Decennialang hebben de politieke partijen die afwisselend de regering vorm(d)en getracht de resultaten van hun beleid zo aantrekkelijk mogelijk in te kleden. Kiezers moesten vooral de indruk krijgen dat hun keus voor de (regerings)partij terecht was. Zo werd zelfs tijdens de vele momenten dat het financiële water de regering aan de lippen stond, met trots gewezen naar bevindingen van IMF-rapporten. Die stelden regelmatig dat de economie van Aruba het prima deed. Gemakshalve werden de waarschuwingen over de financiële situatie en de oorzaken daarvan uit dezelfde rapporten niet vermeld. Net zo min als de aanbevelingen om die situatie te verbeteren. Die hadden voor de betrokken partijen negatieve electorale gevolgen en werden dus genegeerd.

Ook in de huidige campagne wordt deze tactiek toegepast. De regering slaat zich, met behulp van trouwe statenleden, voortdurend op de borst dat zij een economisch wonder heeft verricht dat Aruba uit een crisissituatie heeft gered. Om dat ‘wonder’ aan te tonen maakt zij gebruik van een grafiek die de opleving van Aruba door het overheidsbeleid van de afgelopen 7 jaren moet aantonen.

Daarbij ziet zij (bewust?) over het hoofd dat dat ‘wonder’ de financiële armslag van elke volgende regering decennialang in ernstige mate inperkt evenals de economische vooruitzichten van Aruba door de zwaar toegenomen aflossings- en renteverplichtingen. De enorme hoeveelheden geld die tijdens het kabinet Mike Eman-1 er door heen werden gejaagd leidden namelijk in amper 3,5 jaar tot een verdubbeling van de (2-)miljardenschuld die daarvóór in 23 jaar was opgebouwd. Deze situatie wordt binnen 2 jaar ernstig verergerd door de extra schulden ad omstreeks Afl. 1 miljard als gevolg van de PPP-projecten. Die grafiek, evenals grafieken die de aanmerkelijke afname tonen van de overheidsbijdragen aan stichtingen, worden echter niet door de AVP ten toon gespreid, net zo min als de grafiek van de toename van de renteverplichtingen die inmiddels Afl. 230 miljoen per jaar bedragen. Dit is meer dan de hele begroting van het ministerie van Gezondheid, die van Justitie en bijna evenveel als die van Onderwijs.
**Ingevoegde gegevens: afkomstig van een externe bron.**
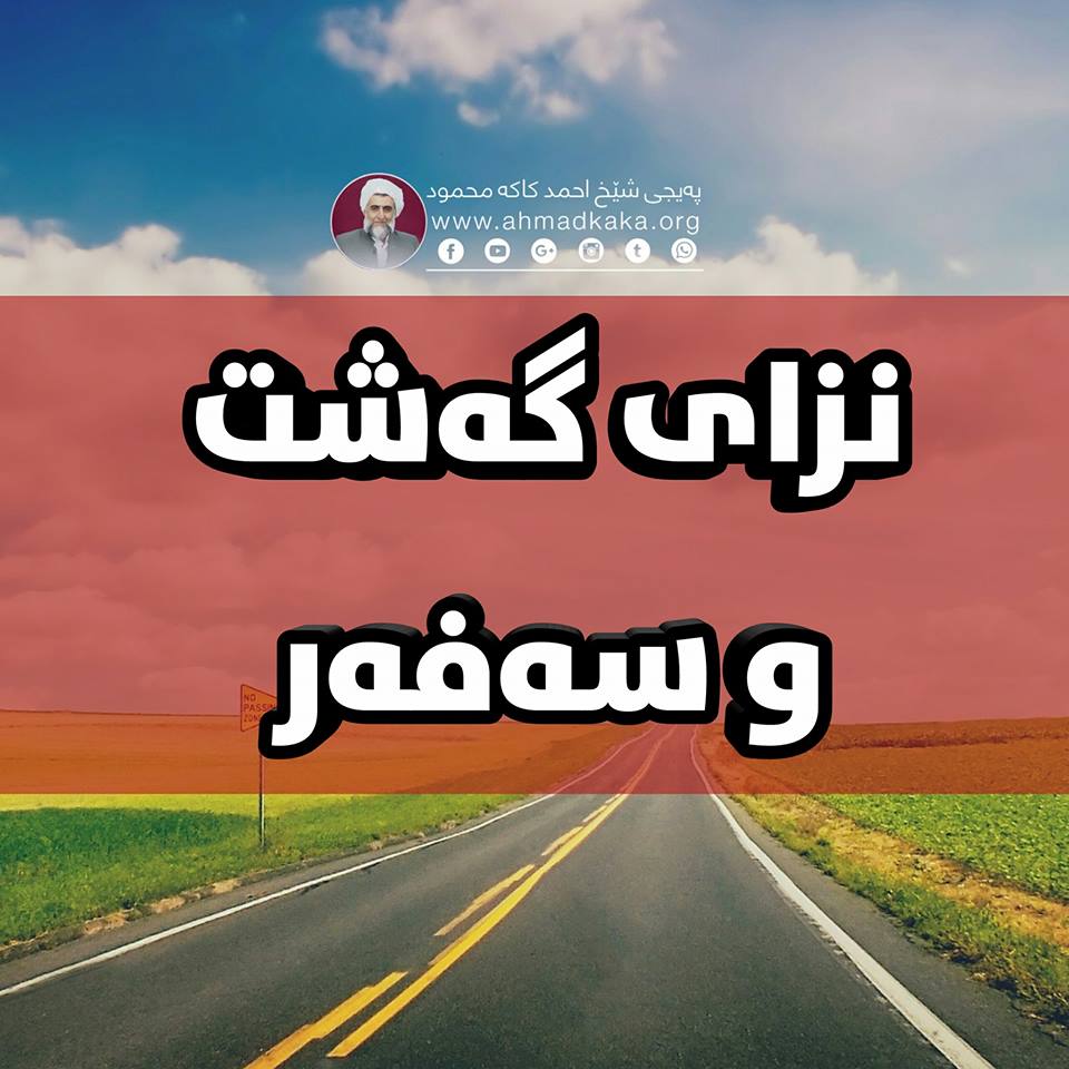 نزای_گەشت_و_سەفەر دەڵێیت : (اللهُ أَكْبَرُ, اللهُ أَكْبَرُ, اللهُ أَكْبَرُ , سُبْحانَ الَّذِي سَخَّرَ لَنَا هَذَا وَمَا كُنَّا لَهُ مُقْرِنِينَ وَإِنَّا إِلَى رَبِّنَا لَمُنقَلِبُونَ ، اللَّهُمَّ إِنَّا نَسْأَلُكَ فِي سَفَرِنَا هَذَا الْبِرَّ وَالتَّقْوَى, وَمِنَ الْعَمَلِ مَا تَرْضَى, اللَّهُمَّ هَوِّنْ عَلَيْنَا سَفَرَنَا هَذَا وَاطْوِ عَنَّا بُعْدَهُ, اللَّهُمَّ أَنْتَ الصَّاحِبُ فِي السَّفَرِ, وَالْخَلِيفَةُ فِي الأَهْلِ, اللَّهُمَّ إِنِّي أَعُوذُ بِكَ مِنْ وَعْثَاءِ السَّفَرِ, وَكَآبَةِ الْمَنْظَرِ, وَسُوءِ الْمُنْقَلَبِ فِي الْمَالِ وَالأَهْل ) ① ِ، ئەگەر گەڕانەوە لەگەشتەکە هەرئەم نزایە دەخوێنرێت بەلام ئەمەی بۆ زیاد دەکەرێت (آيِبُونَ, تَائِبُونَ, عَابِدُونَ, لِرَبِّنَا حَامِدُون)َ . ① واتە: (خودا گەورە ترینە، خودا گەورە ترینە، خودا گەورە ترینە، پاک و بێگەردی بۆ ئەو خودایەی، کە ئەمەی بۆ ڕامکردوین (موسەخەر کردووین)و ئێمەش دەسڵاتمان نەبوو بە سەریدا، بە ڕاستی لە دوا ڕۆژیشدا ھەر بۆ لای ئەو خودایە دەگەڕێینەوە، خودایە ئێمە لەم گەشتەماندا داوای چاکە و خۆ پارێزی و ئەو کردەوانەت لێدەکەین، کە تۆ پێی ڕازیت، خودایە ئەم گەشتەمان بۆ ئاسان بکە و دووریەکەیمان بۆ نزیک بکەرەوە، خودایە تۆ پاریزەرمانبە لەم گەشتەماندا و خانەوادەکەشمان بپارێزە، کە جێمان ھێشتوون، خودایە من پەنات پێدەگرم لە ناڕەحەتی گەشتء شتێک، کە ناڕەحەتمان بکات و خراپ گەڕانەوە بۆ ماڵء خێزان، واتای زیادەی گەڕانەوەکە (گەڕاینەوە بە پەشیمانی لە تاوان و ھەروەھا بە پەرستش بۆ خودا و سوپاس و ستایش کاریشین بۆ پەروەردگارمان)) . - - - - - - - - - - - - - - - - ① : _ اسناده صحيح _ (📗صحيح البخاري - 6385) (📗صحيح مسلم - 1342) (📗 سنن ابی داود - 2599) (📗سنن الترمذي - 3447) (📗سنن الدارمي - 2715) (📗مسند احمد - 6311) (📗صحيح ابن حبان - 2696) (📗 مسند علی - 97)

Toch moet de gepresenteerde grafiek van de AVP met argusogen bekeken worden. Die grafiek geeft namelijk alleen de procentuele economische groei aan tijdens haar regeringsperiode, afgemeten aan die van het laatste MEP-bewind. Daarbij wordt geen acht geslagen op de hoogte van het BBP die van groter belang is om de welvaart van een land aan af te meten. Zoals uit onderstaande tabel met cijfers van de CBA blijkt, zijn zowel het nominale als het reële BBP van 2008 nooit in latere jaren overtroffen.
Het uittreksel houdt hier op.